What you need to do | The answer should hold only the lines from the beginning of the listing below to the line containing "Lanterne Feuerhand d’origine", both included, with every picture left out.

Supplied entries |

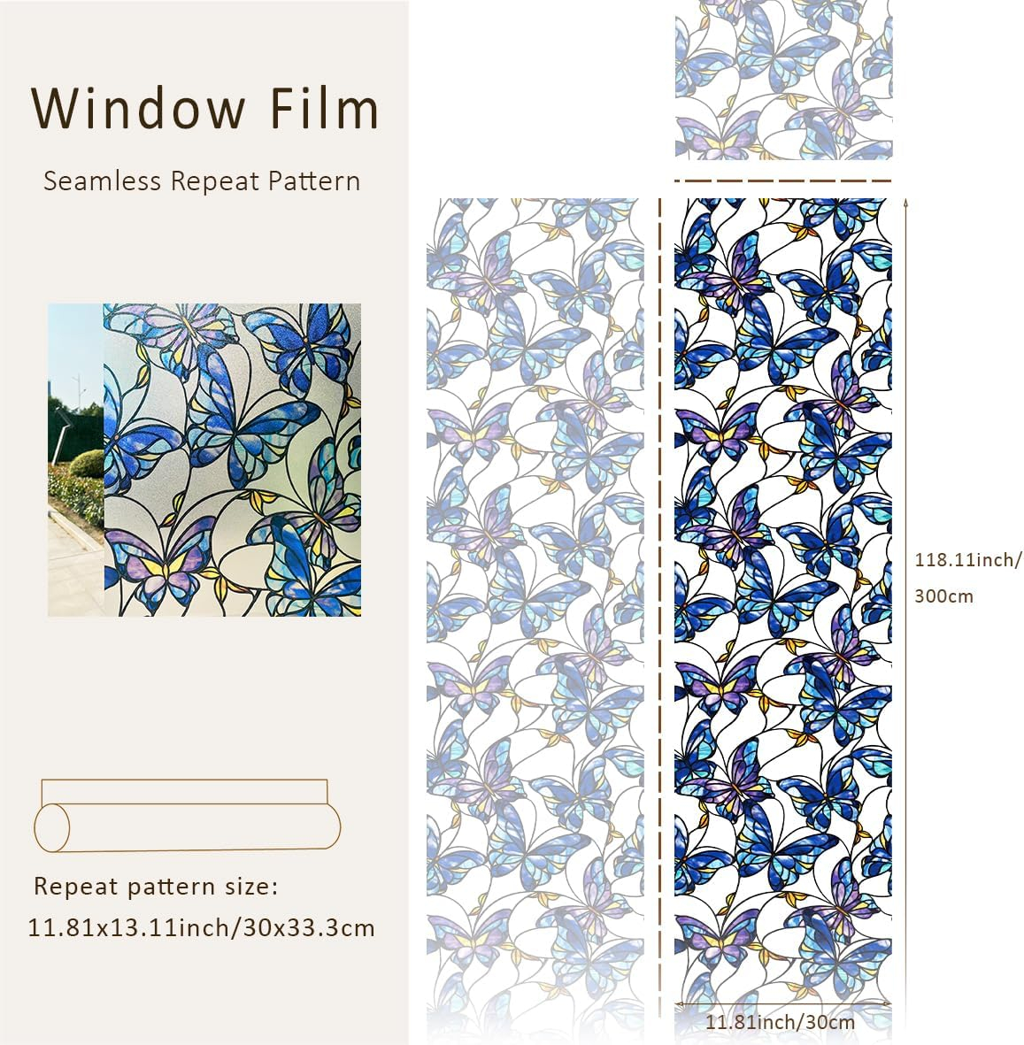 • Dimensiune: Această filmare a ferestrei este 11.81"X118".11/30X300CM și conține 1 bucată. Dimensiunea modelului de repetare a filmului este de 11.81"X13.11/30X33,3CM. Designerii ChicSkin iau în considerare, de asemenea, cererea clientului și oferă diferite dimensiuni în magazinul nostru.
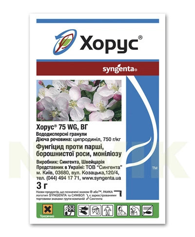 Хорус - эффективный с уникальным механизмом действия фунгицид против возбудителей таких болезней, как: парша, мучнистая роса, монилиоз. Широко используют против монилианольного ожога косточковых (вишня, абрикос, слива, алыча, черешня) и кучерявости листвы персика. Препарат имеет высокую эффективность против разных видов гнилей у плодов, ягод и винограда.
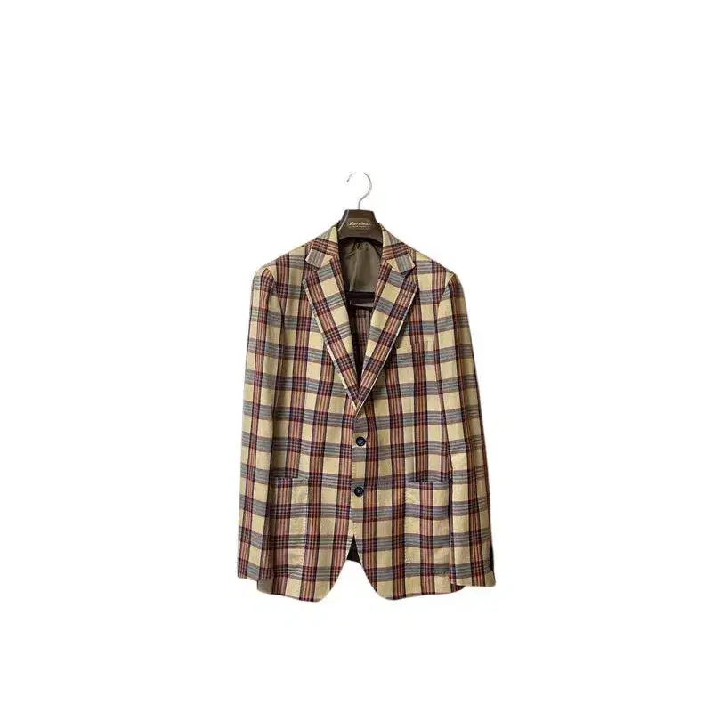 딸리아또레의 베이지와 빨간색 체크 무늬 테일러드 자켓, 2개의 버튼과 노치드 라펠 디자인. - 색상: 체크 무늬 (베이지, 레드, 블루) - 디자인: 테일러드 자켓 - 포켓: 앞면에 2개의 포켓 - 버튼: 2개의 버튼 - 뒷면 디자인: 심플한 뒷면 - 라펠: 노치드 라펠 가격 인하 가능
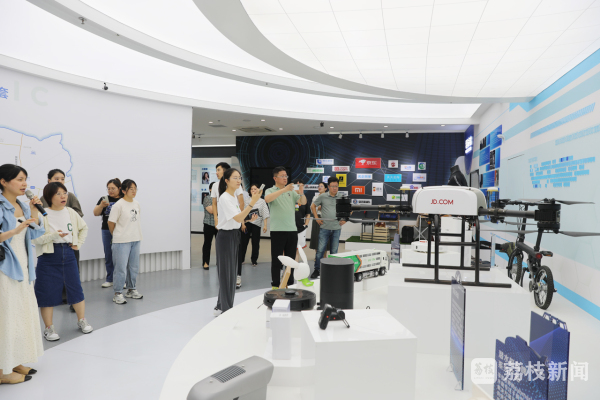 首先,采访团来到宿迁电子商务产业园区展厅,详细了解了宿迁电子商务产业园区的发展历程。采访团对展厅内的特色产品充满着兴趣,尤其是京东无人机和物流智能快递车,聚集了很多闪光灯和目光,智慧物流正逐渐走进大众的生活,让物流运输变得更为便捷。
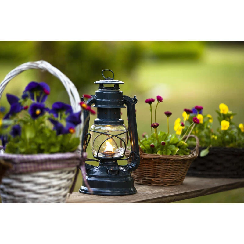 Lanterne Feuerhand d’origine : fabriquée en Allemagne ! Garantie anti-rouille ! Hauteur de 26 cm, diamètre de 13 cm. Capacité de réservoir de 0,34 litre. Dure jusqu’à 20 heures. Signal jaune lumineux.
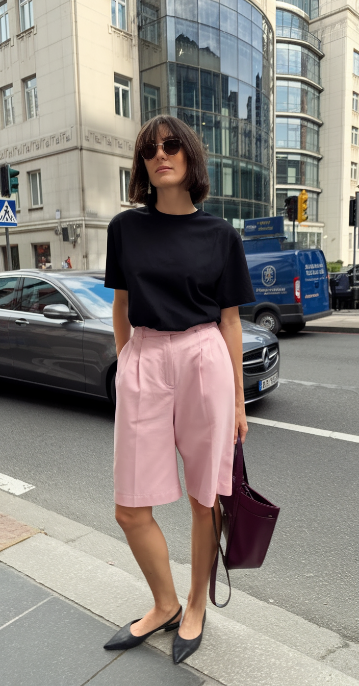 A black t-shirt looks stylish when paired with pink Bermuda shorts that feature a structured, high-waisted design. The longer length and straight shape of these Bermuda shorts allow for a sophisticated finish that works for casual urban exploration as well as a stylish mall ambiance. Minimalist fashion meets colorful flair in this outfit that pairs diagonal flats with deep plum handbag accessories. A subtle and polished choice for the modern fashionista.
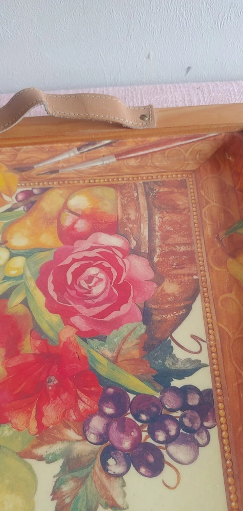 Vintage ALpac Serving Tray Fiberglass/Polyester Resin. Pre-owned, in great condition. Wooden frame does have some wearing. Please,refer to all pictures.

Solution below |
 • Dimensiune: Această filmare a ferestrei este 11.81"X118".11/30X300CM și conține 1 bucată. Dimensiunea modelului de repetare a filmului este de 11.81"X13.11/30X33,3CM. Designerii ChicSkin iau în considerare, de asemenea, cererea clientului și oferă diferite dimensiuni în magazinul nostru.
 Хорус - эффективный с уникальным механизмом действия фунгицид против возбудителей таких болезней, как: парша, мучнистая роса, монилиоз. Широко используют против монилианольного ожога косточковых (вишня, абрикос, слива, алыча, черешня) и кучерявости листвы персика. Препарат имеет высокую эффективность против разных видов гнилей у плодов, ягод и винограда.
 딸리아또레의 베이지와 빨간색 체크 무늬 테일러드 자켓, 2개의 버튼과 노치드 라펠 디자인. - 색상: 체크 무늬 (베이지, 레드, 블루) - 디자인: 테일러드 자켓 - 포켓: 앞면에 2개의 포켓 - 버튼: 2개의 버튼 - 뒷면 디자인: 심플한 뒷면 - 라펠: 노치드 라펠 가격 인하 가능
 首先,采访团来到宿迁电子商务产业园区展厅,详细了解了宿迁电子商务产业园区的发展历程。采访团对展厅内的特色产品充满着兴趣,尤其是京东无人机和物流智能快递车,聚集了很多闪光灯和目光,智慧物流正逐渐走进大众的生活,让物流运输变得更为便捷。
 Lanterne Feuerhand d’origine : fabriquée en Allemagne ! Garantie anti-rouille ! Hauteur de 26 cm, diamètre de 13 cm. Capacité de réservoir de 0,34 litre. Dure jusqu’à 20 heures. Signal jaune lumineux.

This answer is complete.